Data below =>
▬▬▬

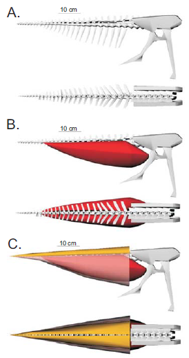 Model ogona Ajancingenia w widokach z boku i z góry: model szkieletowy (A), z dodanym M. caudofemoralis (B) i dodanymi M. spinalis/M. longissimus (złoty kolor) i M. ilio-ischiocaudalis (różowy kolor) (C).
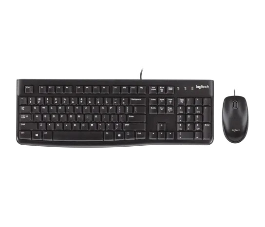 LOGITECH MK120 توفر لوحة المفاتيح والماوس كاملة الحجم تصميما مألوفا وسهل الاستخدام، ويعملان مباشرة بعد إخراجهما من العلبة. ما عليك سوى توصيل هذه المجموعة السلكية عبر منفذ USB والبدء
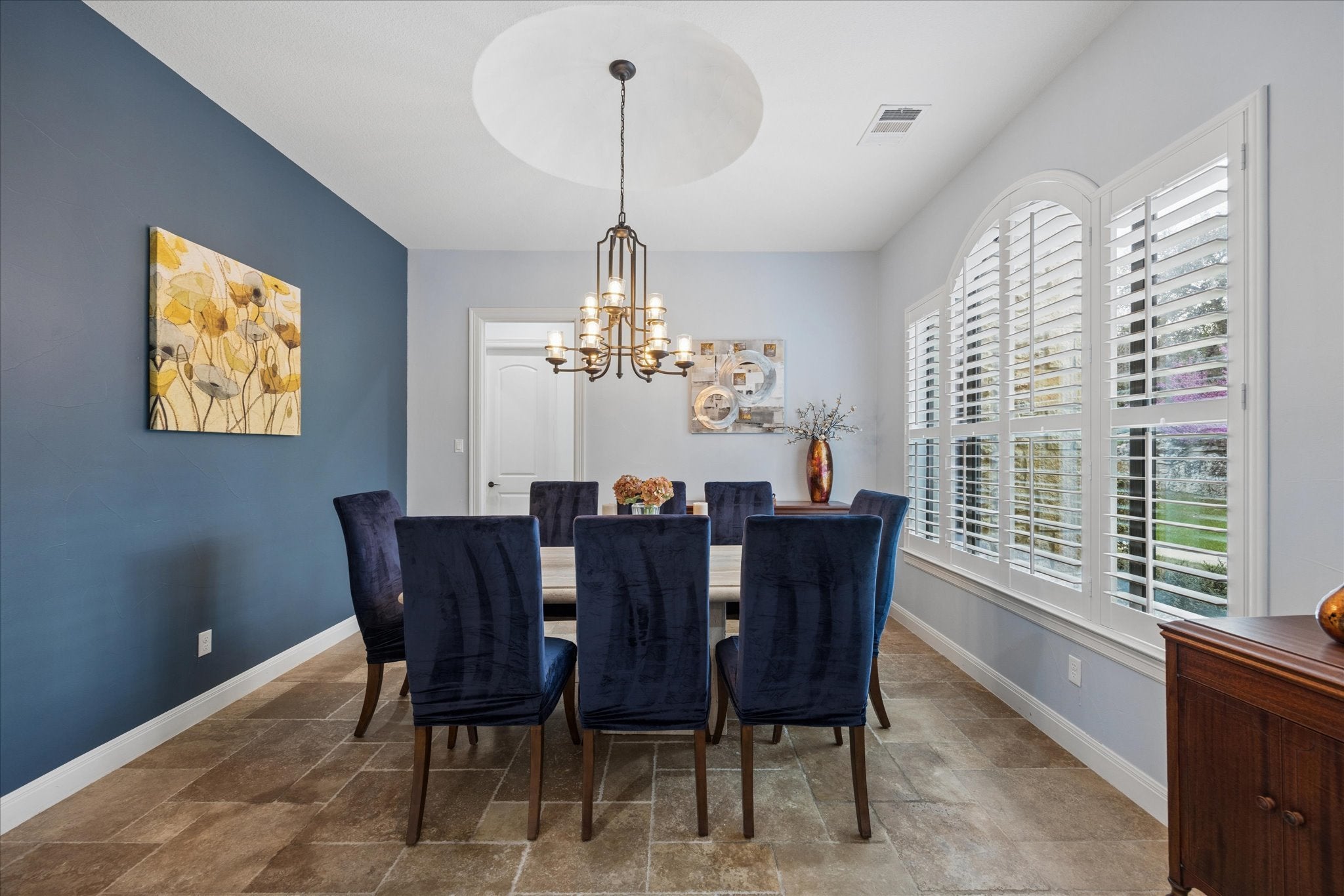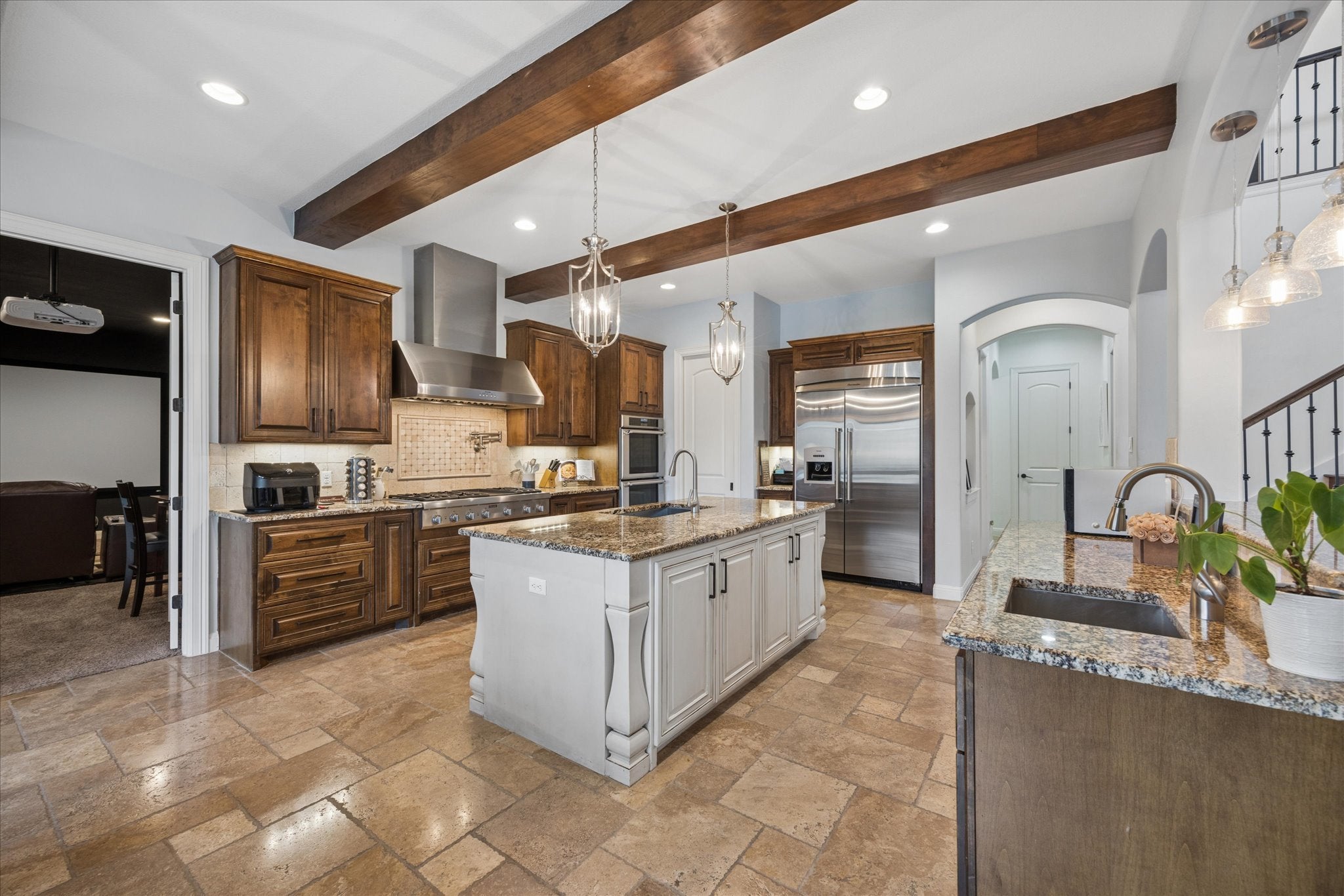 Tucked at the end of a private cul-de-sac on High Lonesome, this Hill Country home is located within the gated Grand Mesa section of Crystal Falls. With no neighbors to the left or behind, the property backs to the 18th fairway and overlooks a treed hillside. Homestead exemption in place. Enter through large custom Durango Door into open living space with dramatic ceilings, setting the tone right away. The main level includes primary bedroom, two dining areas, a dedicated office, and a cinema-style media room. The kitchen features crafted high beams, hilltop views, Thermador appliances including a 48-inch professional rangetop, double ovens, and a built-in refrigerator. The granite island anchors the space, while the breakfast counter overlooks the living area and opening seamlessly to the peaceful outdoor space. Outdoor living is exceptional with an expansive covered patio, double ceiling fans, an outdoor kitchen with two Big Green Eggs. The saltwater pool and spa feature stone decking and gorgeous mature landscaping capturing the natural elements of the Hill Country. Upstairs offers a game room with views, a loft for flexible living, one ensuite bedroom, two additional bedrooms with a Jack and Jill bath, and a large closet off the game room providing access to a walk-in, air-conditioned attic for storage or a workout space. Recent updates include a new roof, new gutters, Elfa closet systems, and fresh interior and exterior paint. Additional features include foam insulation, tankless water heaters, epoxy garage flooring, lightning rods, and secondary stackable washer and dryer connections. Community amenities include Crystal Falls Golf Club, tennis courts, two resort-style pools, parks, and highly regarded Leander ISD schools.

▬▬▬

Task to complete =>
Skipping the images, write out the whole listing exactly.

Reply =>
 Model ogona Ajancingenia w widokach z boku i z góry: model szkieletowy (A), z dodanym M. caudofemoralis (B) i dodanymi M. spinalis/M. longissimus (złoty kolor) i M. ilio-ischiocaudalis (różowy kolor) (C).
 LOGITECH MK120 توفر لوحة المفاتيح والماوس كاملة الحجم تصميما مألوفا وسهل الاستخدام، ويعملان مباشرة بعد إخراجهما من العلبة. ما عليك سوى توصيل هذه المجموعة السلكية عبر منفذ USB والبدء
 Tucked at the end of a private cul-de-sac on High Lonesome, this Hill Country home is located within the gated Grand Mesa section of Crystal Falls. With no neighbors to the left or behind, the property backs to the 18th fairway and overlooks a treed hillside. Homestead exemption in place. Enter through large custom Durango Door into open living space with dramatic ceilings, setting the tone right away. The main level includes primary bedroom, two dining areas, a dedicated office, and a cinema-style media room. The kitchen features crafted high beams, hilltop views, Thermador appliances including a 48-inch professional rangetop, double ovens, and a built-in refrigerator. The granite island anchors the space, while the breakfast counter overlooks the living area and opening seamlessly to the peaceful outdoor space. Outdoor living is exceptional with an expansive covered patio, double ceiling fans, an outdoor kitchen with two Big Green Eggs. The saltwater pool and spa feature stone decking and gorgeous mature landscaping capturing the natural elements of the Hill Country. Upstairs offers a game room with views, a loft for flexible living, one ensuite bedroom, two additional bedrooms with a Jack and Jill bath, and a large closet off the game room providing access to a walk-in, air-conditioned attic for storage or a workout space. Recent updates include a new roof, new gutters, Elfa closet systems, and fresh interior and exterior paint. Additional features include foam insulation, tankless water heaters, epoxy garage flooring, lightning rods, and secondary stackable washer and dryer connections. Community amenities include Crystal Falls Golf Club, tennis courts, two resort-style pools, parks, and highly regarded Leander ISD schools.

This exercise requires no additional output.